◆ **WHAT YOU HAVE TO DO**
When you transcribe the entries below, begin at their first line and stop after the line containing "Yuyue мобильное вспомогательное"; pictures stay out.

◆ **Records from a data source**
- - -

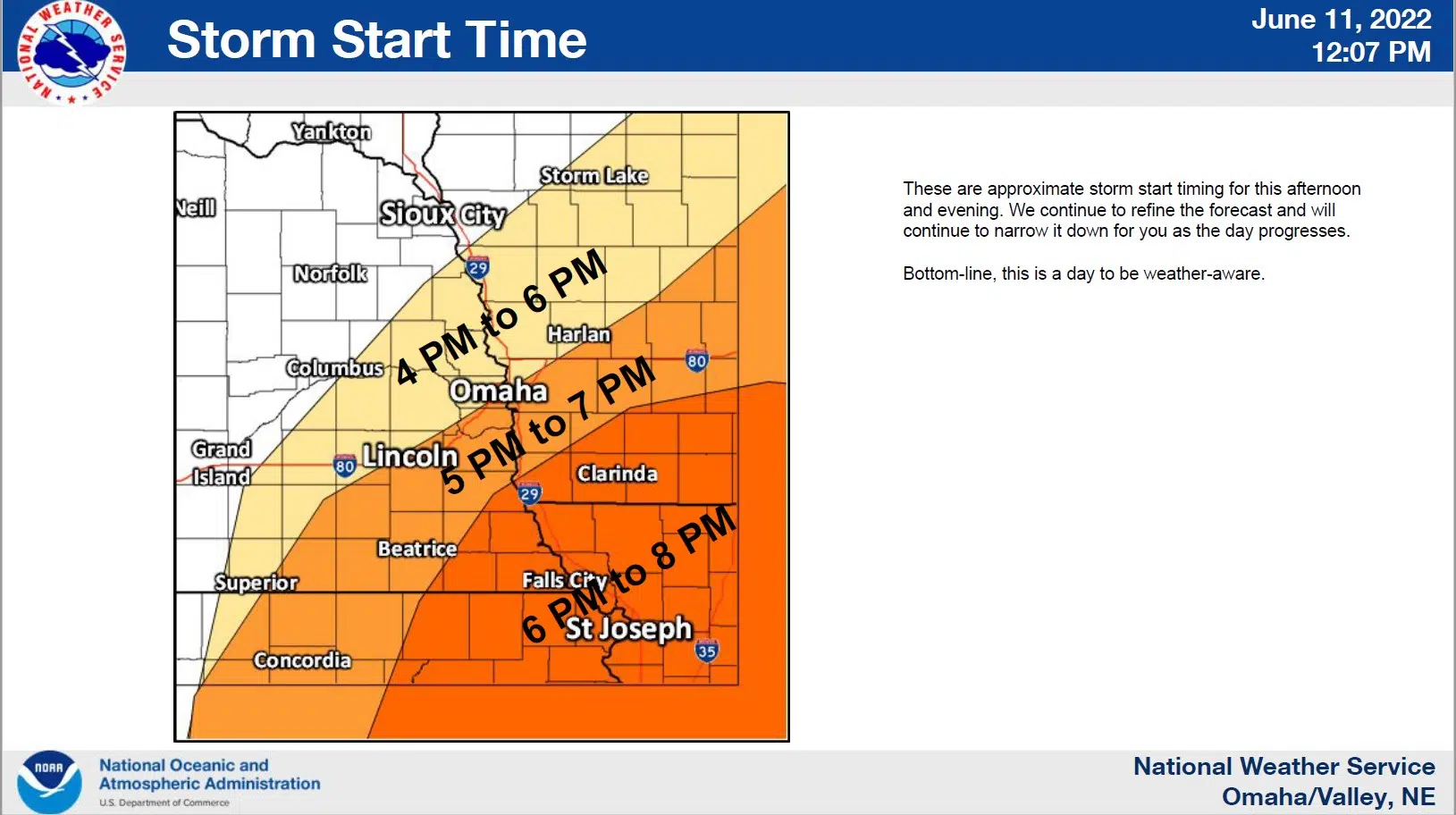 TORNADO WATCH OUTLINE UPDATE FOR WT 345 NWS STORM PREDICTION CENTER NORMAN OK 335 PM CDT SAT JUN 11 2022 TORNADO WATCH 345 IS IN EFFECT UNTIL 1000 PM CDT FOR THE FOLLOWING LOCATIONS . NEBRASKA COUNTIE...
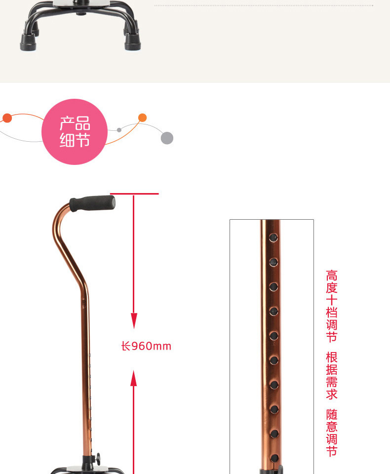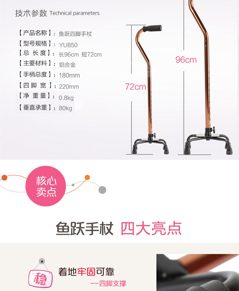 Yuyue мобильное вспомогательное оборудование для пациентов тростник легкий алюминиевый сплав четырехугольный нескользящий выдвижной тростник YU8501 шт.
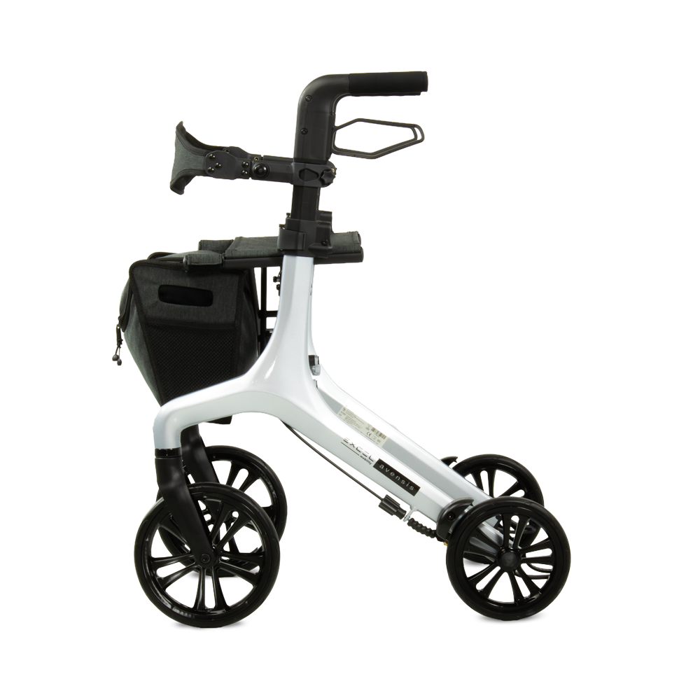 De Avensis wordt standaard geleverd met een afsluitbare tas met rits, ideaal voor het veilig meenemen van persoonlijke spullen. De rollator is eenvoudig inklapbaar en blijft compact, zodat u hem moeiteloos kunt meenemen of opbergen. Verkrijgbaar in twee maten (S en M) voor een pasvorm die aansluit op uw lichaamslengte.
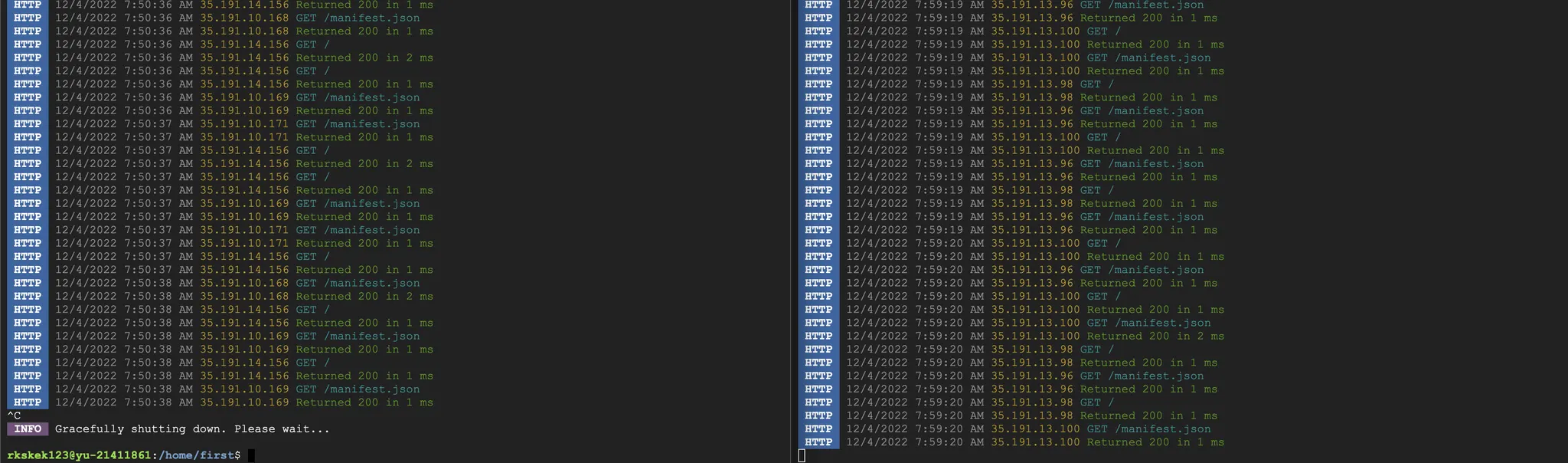 인스턴스 그룹에 2개의 인스턴스가 등록되어 있으나, 첫번째 인스턴스를 종료한다면 어떻게 될까? 확인해봤더니 응답 에러를 내보내는 것이 아니라 살아있는 end point의 응답만 보내준다. 아래 로그를 보면 왼쪽 인스턴스에 배포중인 서버를 종료한뒤 테스트를 진행했을 때, 오른쪽으로만 접속이 되는 것을 볼 수 있다. 이렇게 부하분산기를 운영하면, 서버가 부득이한 이유로 종료되거나 버전 업을 위해 잠시 배포를 중단한 상황에서도 실제 사용자는 정상적으로 서비스를 제공받을 수 있다.
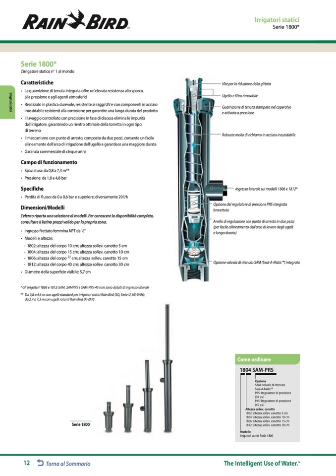 * Gli irrigatori 1806 e 1812-SAM, SAMPRS e SAM-PRS-45 non sono dotati di ingresso laterale
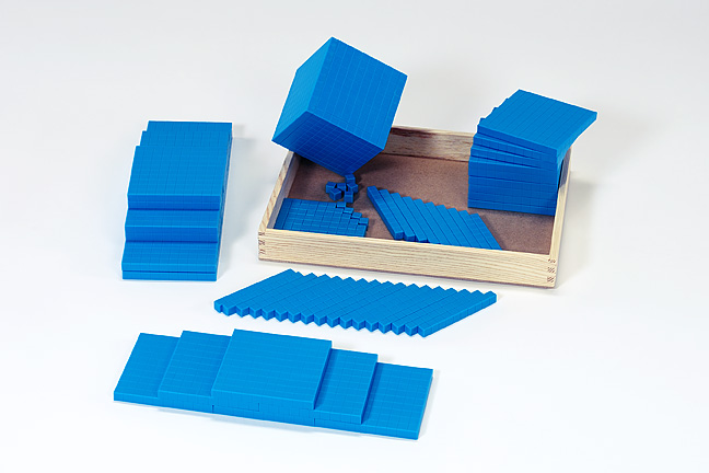 A full set of Montessori decimal material, including 100 unit cubes, 27 ten rods,

- - -

◆ **RESPONSE TO THE EXERCISE**
 TORNADO WATCH OUTLINE UPDATE FOR WT 345 NWS STORM PREDICTION CENTER NORMAN OK 335 PM CDT SAT JUN 11 2022 TORNADO WATCH 345 IS IN EFFECT UNTIL 1000 PM CDT FOR THE FOLLOWING LOCATIONS . NEBRASKA COUNTIE...
 Yuyue мобильное вспомогательное оборудование для пациентов тростник легкий алюминиевый сплав четырехугольный нескользящий выдвижной тростник YU8501 шт.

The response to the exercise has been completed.